Opana ER, a potent extended-release opioid, was approved by the FDA for pain management in 2006. We say that because Endo argued that the FDA request "does not indicate uncertainty" that Opana ER is not safe or effective when taken as prescribed.
"We will continue to take regulatory steps when we see situations where an opioid product's risks outweigh its benefits, not only for its intended patient population but also regarding its potential for misuse and abuse", Commissioner Gottlieb added. "When we determined that the product had unsafe unintended consequences, we made a decision to request its withdrawal from the market", Janet Woodcock, MD, director of the FDA's Center for Drug Evaluation and Research said in the FDA's prepared statement.
The withdrawal marks the first time the agency taken steps to remove an opioid pain medication due to the public health implications and comes amid an intense national debate about the abuse of opioids. The agency is seeking removal based on its concern that the benefits of the drug may no longer outweigh its risks.
The FDA was able to link the shift from Opana inhalation to injection with a serious outbreak of HIV and hepatitis C, as well as cases of thrombotic microangiopathy, a risky blood disorder. The company defended its drug, a version of the medicine oxymorphone hydrochloride, citing the opioid's effectiveness in alleviating pain and Endo's efforts to prevent abuse.
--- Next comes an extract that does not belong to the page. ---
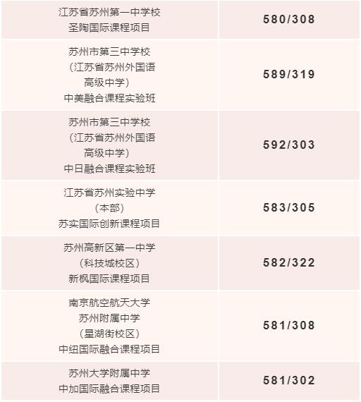 相信有不少考生都想盡早知道2023年蘇州市中考錄取分?jǐn)?shù)線(xiàn)是多少,為了讓考生能第一時(shí)間獲取到2023年蘇州市中考錄取分?jǐn)?shù)線(xiàn)的相關(guān)內(nèi)容,特整理本文,希望可以幫助到大家,數(shù)據(jù)源于網(wǎng)絡(luò),僅供參考。![]() 2023年蘇州市中考錄取分?jǐn)?shù)線(xiàn) 鑒于目前還不清楚2023年蘇州市中考錄取分?jǐn)?shù)線(xiàn)是多少,我們?yōu)榇蠹艺沓隽?022年蘇州中考錄取分?jǐn)?shù)線(xiàn),等到官方公布后,我們會(huì)將2023年蘇州市中考錄取分?jǐn)?shù)線(xiàn)相關(guān)內(nèi)容更新到這里,為大家提供參考。 2022年蘇州中考分?jǐn)?shù)線(xiàn)是多少? 江蘇蘇州太倉(cāng)市各類(lèi)高級(jí)中等學(xué)校錄取分?jǐn)?shù)線(xiàn) 現(xiàn)代職教“5+2”“3+4”本科項(xiàng)目 1.蘇州建設(shè)交通高等職業(yè)技術(shù)學(xué)校-蘇州城市學(xué)院“5+2”城市軌道車(chē)輛應(yīng)用技術(shù)投檔分?jǐn)?shù)線(xiàn)為553分、且文化總分需在503分及以上且語(yǔ)數(shù)外在305分及以上。 2.蘇州建設(shè)交通高等職業(yè)技術(shù)學(xué)校-蘇州城市學(xué)院“5+2”環(huán)境藝術(shù)設(shè)計(jì)投檔分?jǐn)?shù)線(xiàn)為554分、且文化總分需在504分及以上且語(yǔ)數(shù)外在297分及以上。 3.蘇州旅游與財(cái)經(jīng)高等職業(yè)技術(shù)學(xué)校-蘇州科技大學(xué)“3+4”物流服務(wù)與管理投檔分?jǐn)?shù)線(xiàn)為554分、且文化總分需在504分及以上且語(yǔ)數(shù)外在300分及以上。 第二批次 1.太倉(cāng)市華頓外國(guó)語(yǔ)學(xué)校投檔分?jǐn)?shù)線(xiàn)為540分。 2.江蘇省太倉(cāng)中等專(zhuān)業(yè)學(xué)校綜合高中(職教高考)班投檔分?jǐn)?shù)線(xiàn)為530分。 蘇州市姑蘇區(qū)、工業(yè)園區(qū)、高新區(qū)普通高中錄取分?jǐn)?shù)線(xiàn) 根據(jù)2022年蘇州市姑蘇區(qū)、工業(yè)園區(qū)、高新區(qū)普通高中招生計(jì)劃及普通高中自主招生最低控制分?jǐn)?shù)線(xiàn)劃線(xiàn)規(guī)則,自主招生最終控制線(xiàn)為 598分 凡自主招生綜合評(píng)價(jià)合格,中考成績(jī)達(dá)到姑蘇區(qū)、工業(yè)園區(qū)、高新區(qū)普通高中自主招生控制線(xiàn)的考生,自主招生學(xué)校將按公示名單先后順序,采用綜合排名優(yōu)先、考生自主選擇、按照計(jì)劃進(jìn)行錄取。 被蘇州中學(xué)“匡亞明”實(shí)驗(yàn)班預(yù)錄取的考生應(yīng)于6月29日12:00~6月30日12:00之間到學(xué)校報(bào)到。 被其他自主招生學(xué)校預(yù)錄取的考生(含省蘇州十中“國(guó)科大創(chuàng)新實(shí)驗(yàn)班”,省蘇州實(shí)驗(yàn)中學(xué)“中科創(chuàng)新實(shí)驗(yàn)班”“南大軟件工程實(shí)驗(yàn)班”,蘇大附中“費(fèi)孝通班”,省蘇州十中金閶校區(qū)“國(guó)科大創(chuàng)新實(shí)驗(yàn)班”,西安交大蘇州附屬中學(xué)“納米科學(xué)人才實(shí)驗(yàn)班”,星海實(shí)驗(yàn)中學(xué)“生命科學(xué)課程實(shí)驗(yàn)班”,南航蘇州附屬中學(xué)“飛行員課程基地班”),應(yīng)于7月1日17:00之前,根據(jù)相關(guān)學(xué)校通知到自主招生錄取學(xué)校報(bào)到,辦理錄取手續(xù)。 凡綜合排名較后而未被錄取的考生以及規(guī)定時(shí)間未到相關(guān)學(xué)校報(bào)到的考生,按照本人填報(bào)的中考志愿進(jìn)入志愿錄取流程。 注:姑蘇區(qū)普通高中即市教育局直屬高中。 蘇州外國(guó)語(yǔ)學(xué)校高中部錄取分?jǐn)?shù)線(xiàn) 創(chuàng)新班全免691分 強(qiáng)基班半免685分 高中國(guó)際班660分 蘇州太倉(cāng)市提前批中考錄取分?jǐn)?shù)線(xiàn) 江蘇省太倉(cāng)高級(jí)中學(xué)體育類(lèi)特長(zhǎng)生錄取分?jǐn)?shù)線(xiàn)為中考總分619分,學(xué)科類(lèi)特長(zhǎng)生錄取分?jǐn)?shù)線(xiàn)為中考總分619分,科技類(lèi)特長(zhǎng)生錄取分?jǐn)?shù)線(xiàn)為中考總分619分。江蘇省沙溪高級(jí)中學(xué)科技類(lèi)特長(zhǎng)生錄取分?jǐn)?shù)線(xiàn)為中考總分591分,且綜合分?jǐn)?shù)657.6分及以上;江蘇省沙溪高級(jí)中學(xué)音樂(lè)類(lèi)特長(zhǎng)生錄取分?jǐn)?shù)線(xiàn)為中考總分576分,且專(zhuān)業(yè)測(cè)試成績(jī)83.5分及以上;江蘇省沙溪高級(jí)中學(xué)美術(shù)類(lèi)特長(zhǎng)生錄取分?jǐn)?shù)線(xiàn)為中考總分563分,且綜合分?jǐn)?shù)631.3分及以上。 蘇州幼兒師范高等專(zhuān)科學(xué)校—常熟理工學(xué)院“5+2”學(xué)前教育錄取分?jǐn)?shù)線(xiàn)為620分,蘇州幼兒師范高等專(zhuān)科學(xué)校五年制學(xué)前教育錄取分?jǐn)?shù)線(xiàn)為597分。 蘇州昆山市中考錄取分?jǐn)?shù)線(xiàn) ![]() ![]() 蘇州相城區(qū)中招錄取分?jǐn)?shù)線(xiàn)(一) 01、蘇州中學(xué)相城實(shí)驗(yàn)項(xiàng)目 ![]() ![]() 03、師范教育類(lèi) ![]() 說(shuō)明:若考生中考總分等于錄取分?jǐn)?shù)線(xiàn)的總分時(shí),需要比對(duì)語(yǔ)數(shù)英成績(jī);若考生中考總分高于錄取分?jǐn)?shù)線(xiàn)的總分,則不需要比對(duì)語(yǔ)數(shù)英成績(jī),直接錄取。 蘇州相城區(qū)中招錄取分?jǐn)?shù)線(xiàn)(二) 01、四星級(jí)高中指標(biāo)生(全區(qū)最低分?jǐn)?shù)控制線(xiàn)601分) ![]() 02、四星級(jí)高中統(tǒng)招、望亭中學(xué)風(fēng)華班 ![]() 03、現(xiàn)代職教3+4、5+2

As STAT has noted previously, Opana ER is meant to be swallowed and the contents released over 12 hours, which is known as extended release. "When we determined that the product had unsafe unintended consequences, we made a decision to request its withdrawal from the market".
From 2000 to 2015, almost 180,000 Americans died from overdoses of prescription opioids, and tens of thousands more have succumbed to heroin and fentanyl overdoses as the crisis has evolved.
For the first time ever, the Food and Drug Administration has asked a drug company to pull a painkiller off the market because it has such a high potential for abuse. "This action will protect the public from the further potential for misuse and abuse of this product". As a result, some who abuse Opana ER are injecting the drug more frequently.
FDA officials said their decision is based on a review of all available postmarketing data, which demonstrated a significant shift in the route of abuse of the reformulated product from nasal to injection following the product's reformulation. The agency, in fact, determined the reformulation was not expected to "meaningfully reduce abuse" and declined to let the company describe the drug as abuse deterrent in the product labeling.
Last year, Opana ER generated almost $159 million in revenue, although sales have slowed more recently.